TASK DETAILS:
Nothing but the lines from the top of the records through the line with "Hi boys! So" should be returned, exactly, and without pictures.

---------------

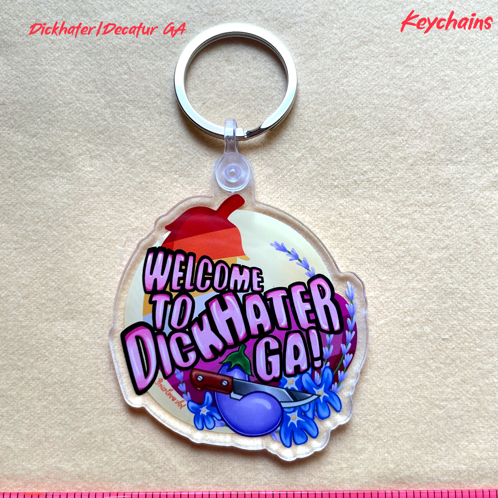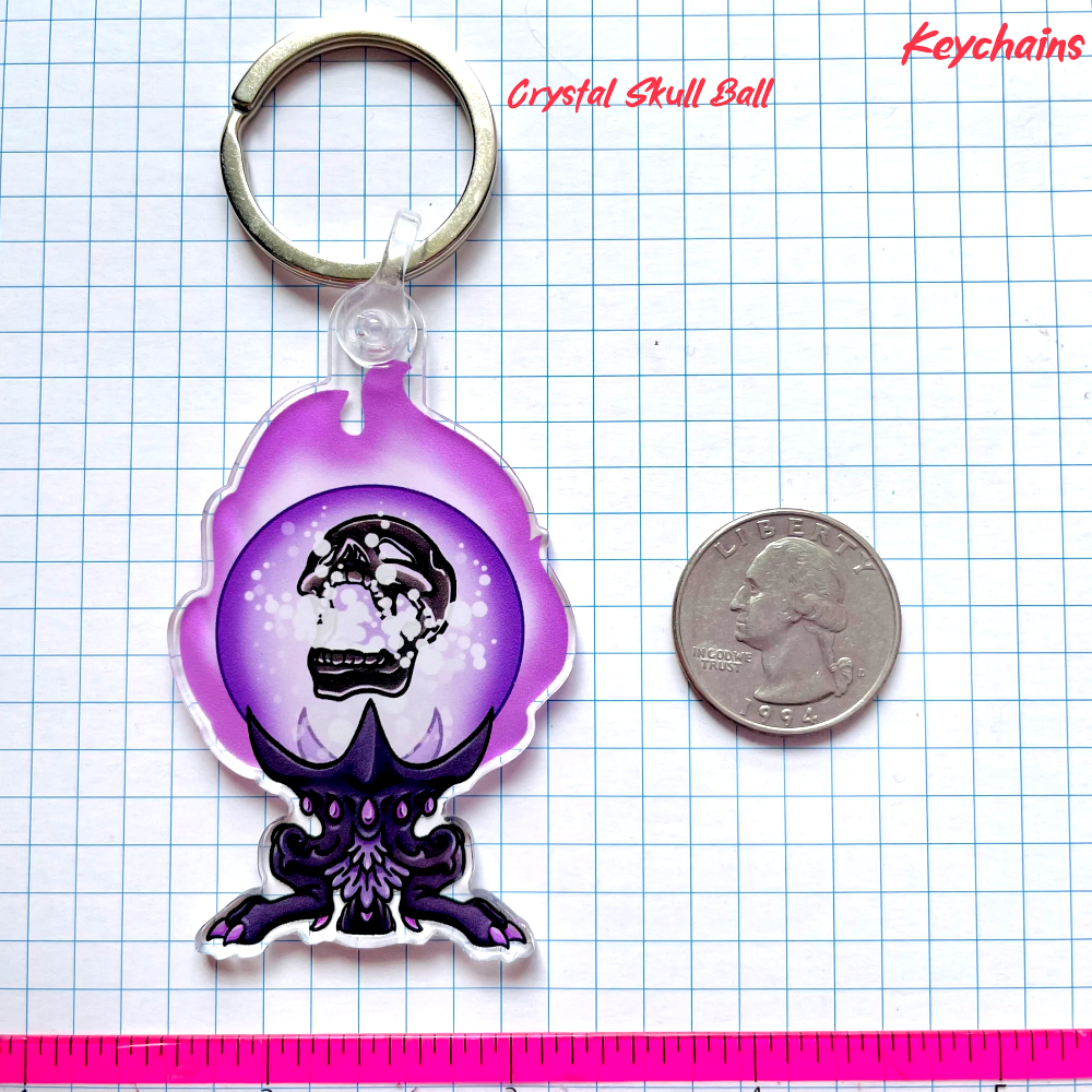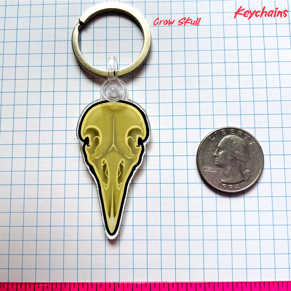 Die-cut keychains are approximately 2" x 2" some variances in width and height depending on design. See photos for an accurate scale.
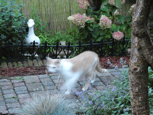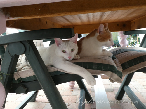 Hi boys! So your Granny has closed off all your escape routes out of the garden huh? Well know what? You’re safer right there in your very own backyard with your pretty garden and nice nap spots! Your Granny has a green thumb (well – maybe it isn’t actually GREEN but she has a lot of luck with making new plants from seeds!). It’s getting quite cold here and the leaves are turning pretty colors then falling on the grass like pretty colored rain! Halloween is almost here too – and we think your poem was REALLY REALLY good. Thank you again for the great TEASER photo. Mom and I appreciate it lots! We will talk to you again when Mom and Dad come home from vacation to Maine.
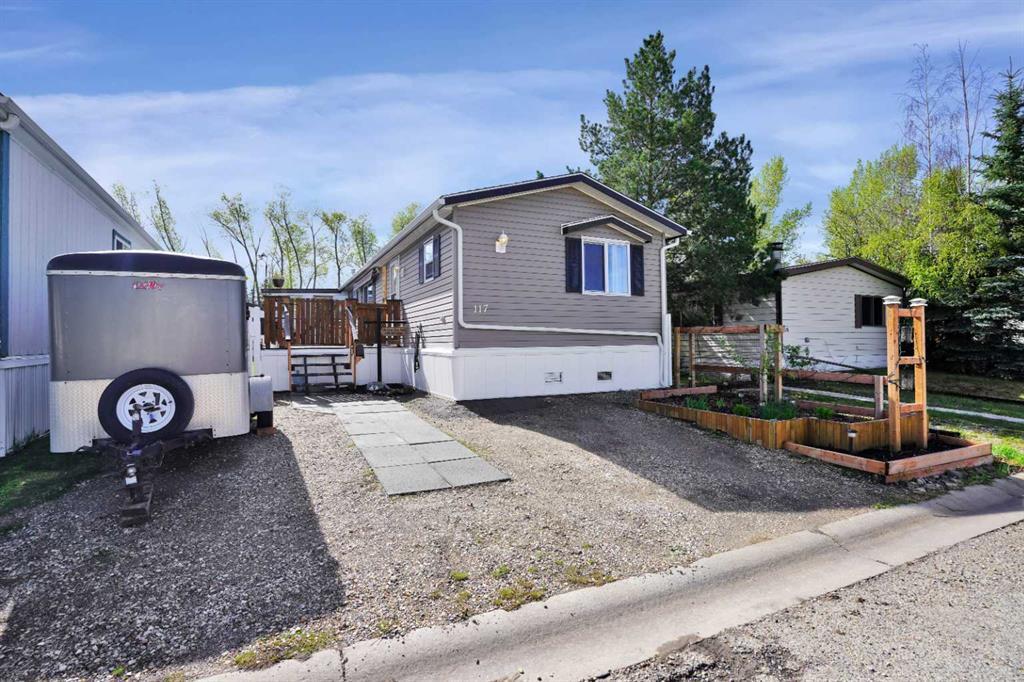 Experience modern living with this beautifully updated main-floor living manufactured home, which feels just like a contemporary condo but with the added benefit of your own meticulously landscaped yard. The kitchen has undergone a stunning transformation, featuring an abundance of new two-tone cabinets, a large floating island, a bright skylight, a walk-in pantry, a gas stove, and stainless steel appliances. The living room boasts a striking feature wall and new vinyl plank flooring adds to the home's comfort and style. The spacious primary bedroom comes with a luxurious 4-piece ensuite, complete with a jetted tub and a walk-in closet. There are also two additional bedrooms and a 3-piece bathroom with a new walk-in shower. For added convenience, this home includes main-floor laundry. The laundry room leads out to a 3-season sunroom- perfect for relaxing throughout the day or on cold spring/ summer nights. The front door and back door lead out to a massive deck for enjoying BBQ-ing and visiting with guests. There is so much room for flowers, water feature items, hanging baskets- whatever your green thumb desires! Additionally, a crank-out awning installed two years ago, allows you to easily transform a portion of the deck into a covered area. The exterior has been updated with new vinyl fencing and a roof that is only two years old. The yard includes two sheds; a 10x14 which is insulated and heated with 220 power, along with a 10x12 dry shed. This home perfectly blends modern updates with functional living spaces, making it an ideal choice for those seeking to downsize into comfort and style!
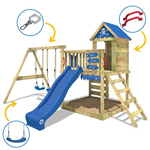 WICKEY Spielturm Klettergerüst Smart Cave mit Schaukel & roter Rutsche, Outdoor Kinder Kletterturm mit Sandkasten…
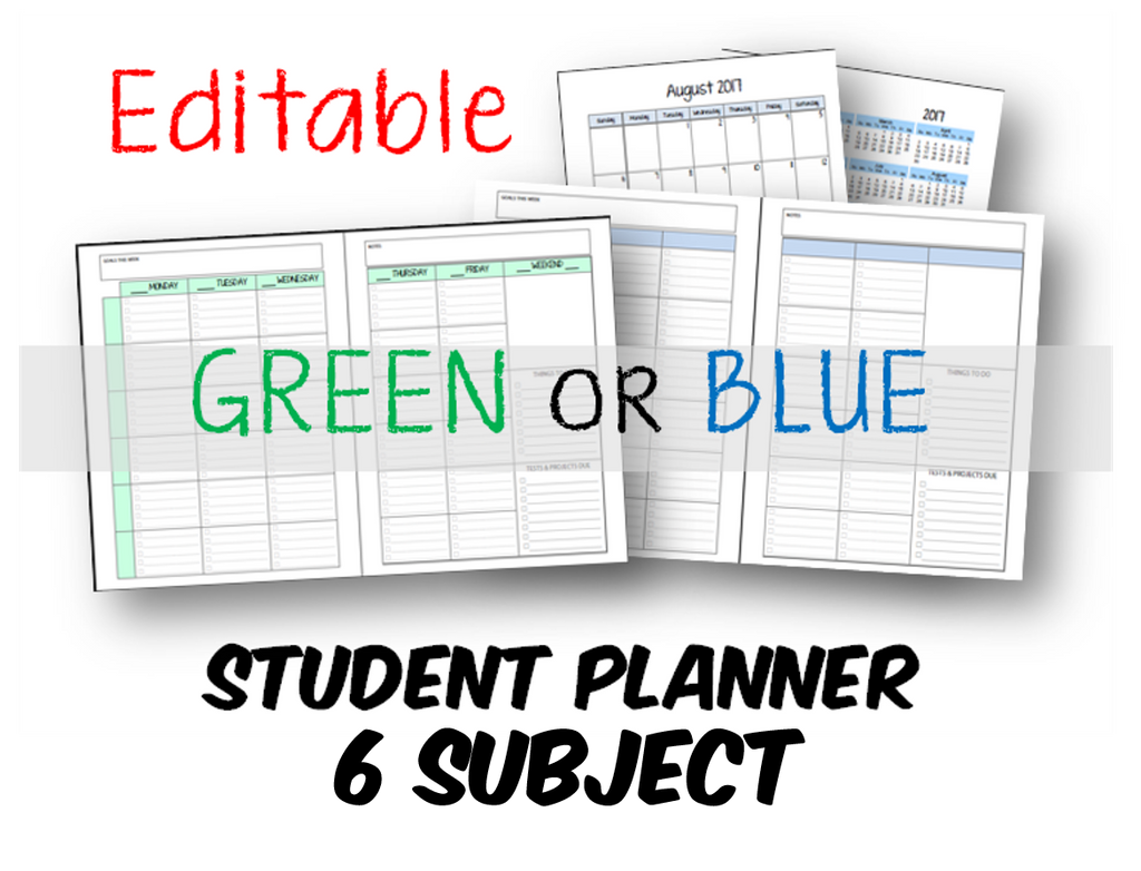 Source : www.vertex42.com2023 2025 Student Planner 6 Subject Green or Blue EDITABLE
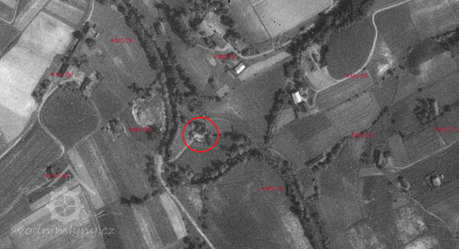 Na leteckém snímku 1950 již není patrný.

---------------

EXERCISE OUTPUT:
 Die-cut keychains are approximately 2" x 2" some variances in width and height depending on design. See photos for an accurate scale.
 Hi boys! So your Granny has closed off all your escape routes out of the garden huh? Well know what? You’re safer right there in your very own backyard with your pretty garden and nice nap spots! Your Granny has a green thumb (well – maybe it isn’t actually GREEN but she has a lot of luck with making new plants from seeds!). It’s getting quite cold here and the leaves are turning pretty colors then falling on the grass like pretty colored rain! Halloween is almost here too – and we think your poem was REALLY REALLY good. Thank you again for the great TEASER photo. Mom and I appreciate it lots! We will talk to you again when Mom and Dad come home from vacation to Maine.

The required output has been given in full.